Material and Methods

Data Search

EndNote software was used to search online articles through PubMed. For the search terms like “multiple sclerosis”, “oligoclonal bands”, “cerebrospinal fluid” and “clinically isolated syndrome” were used. After this initial research, the abstracts were analyzed to select the articles that were in accordance to the inclusion criteria.

Inclusion Criteria

The search was conditioned by pre-defined inclusion criteria in order to obtain a solid sample. These inclusion criteria include articles with a minimum sample of 10 patients. In cases that the same articles include MS and CIS patient groups, these groups must be defined, and the results must be presented separately. The same procedure applies to articles that study the prognosis, thus the patients with progressive forms of MS had to be divided (PPMS and SPMS). In order for the results to be consistent, only the articles in which the technique used was IEF followed by immunoblotting were selected. Most of the included articles were published after 2000, however, the articles related to the understanding of the disease and technique are prior to 2000.

Article Selection

Of the 93 articles initially selected, 67 were entirely analyzed. This exclusion of articles was made based on information from the abstracts, permitting the discard of articles that did not contain relevant information for this analysis. From these 67 articles, 32 were selected to include in this study. Therefore, articles that used IEF followed by immunofixation (n=12), that used electrophoresis with silver stain (n=7), articles which did not specify the technique used or that used different techniques in its patient population (n=14) and articles that only selected patients with positive or negative OCB IgG (n=2), were rejected (Figure 1).

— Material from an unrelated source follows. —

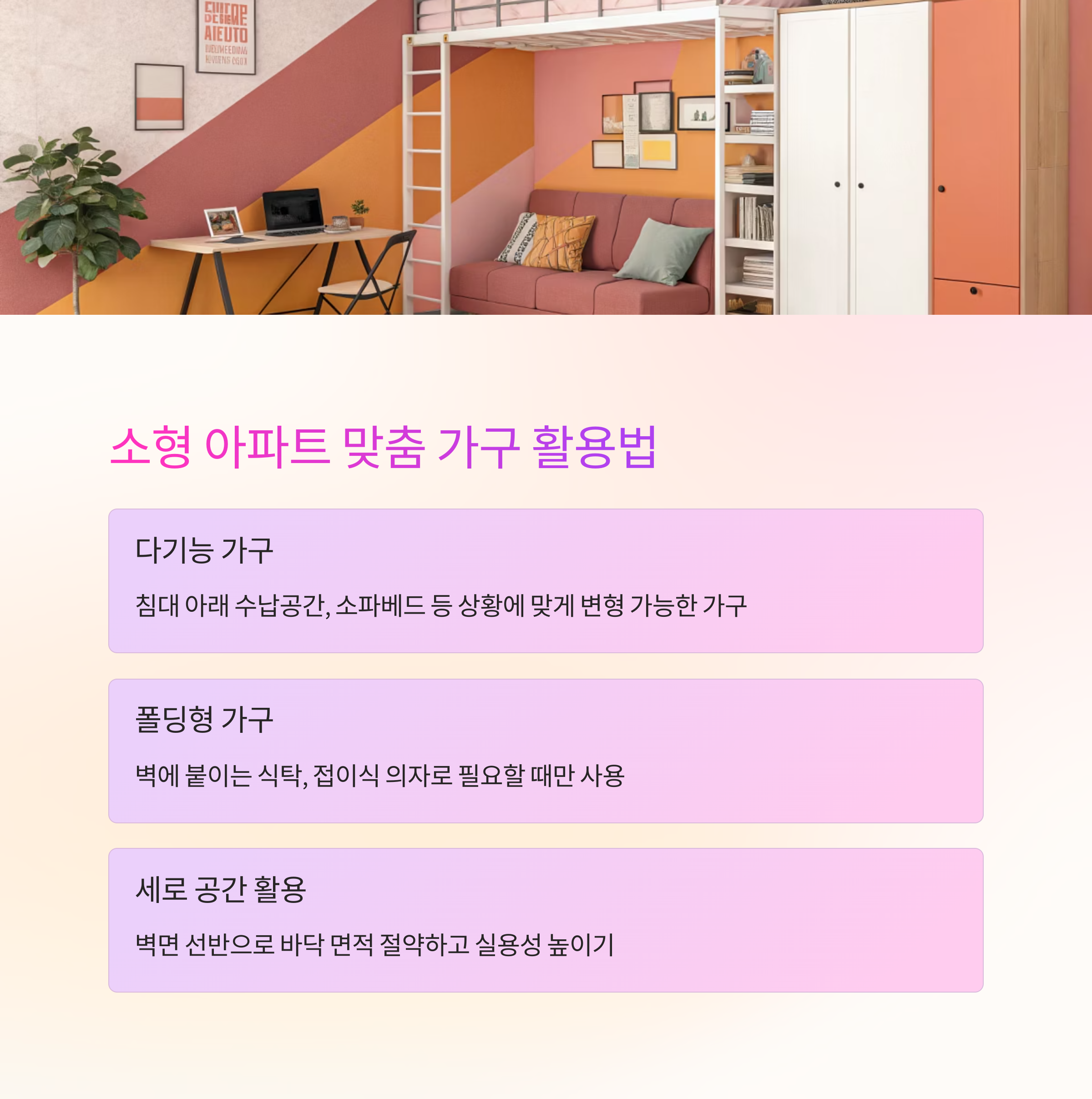 소형 아파트에서 가장 중요한 건 '맞춤형 가구 선택'이에요. 모든 가구를 다 들이기보다는 다기능을 갖춘 스마트 가구 위주로 선택하면 공간 절약에 큰 도움이 돼요. 예를 들어, 침대 아래 수납공간이 있는 제품이나, 소파베드처럼 상황에 따라 바꿔 쓸 수 있는 가구가 인기 많아요.
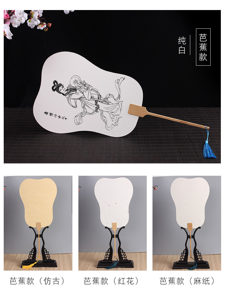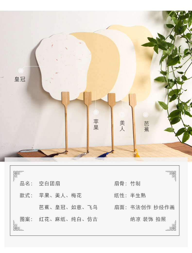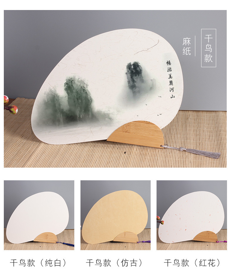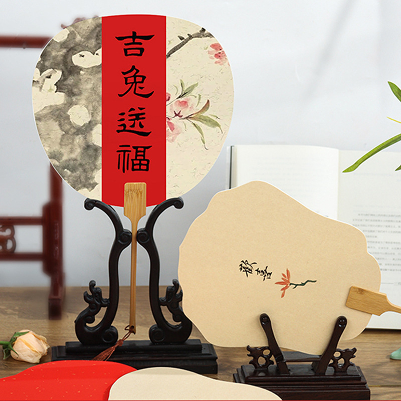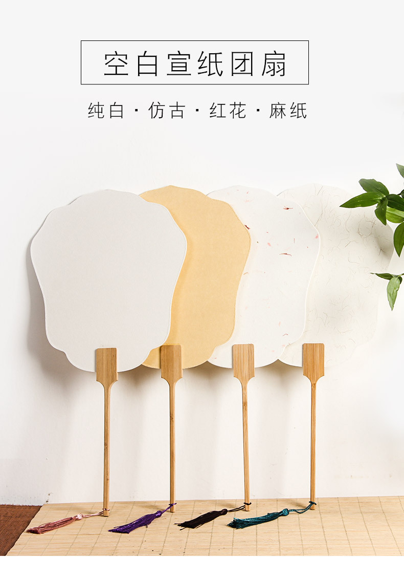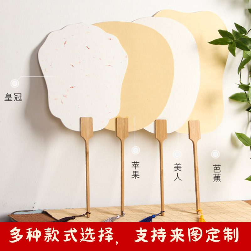 团扇宣纸双面扇空白加厚卡纸半生熟diy儿童手绘书法古风扇子批发

For the OCB IgG prevalence in MS examination 22 articles were used, as well as 13 others for the OCB IgG prevalence in CIS. Regarding the MS prognosis, 4 articles were analyzed, and for the evaluation of CIS to MS conversion 10 articles were used. For the analysis of the relationship between latitude and OCB IgG, 20 articles were resorted to for MS and 11 for CIS (Table 1). For the analysis of the latitude effect, the location of each study was found, and the latitude was then determined through Google Maps, which provided a value that was rounded up to the unit. Articles that had samples from more than one country were excluded, since it was not possible to clarify the location of each population.

Statistical Analysis

The IBM SPSS version 23 software was used for statistical analysis. To evaluate the difference between OCB IgG prevalence in MS and CIS, t-Student for 2 independent samples test was used. Graphics were built to understand the relation between the variables. The results were presented as: mean ± standard deviation and values of p<0.05 were considered significant.

Based on the analysis of the 32 articles, 8179 MS patients and 2460 CIS patients were studied. The ratio between the number of women and men is 2.28±0.36, being that, in every article studied, the number of women is higher than men. The global mean age of the patients is 33±2.97 years.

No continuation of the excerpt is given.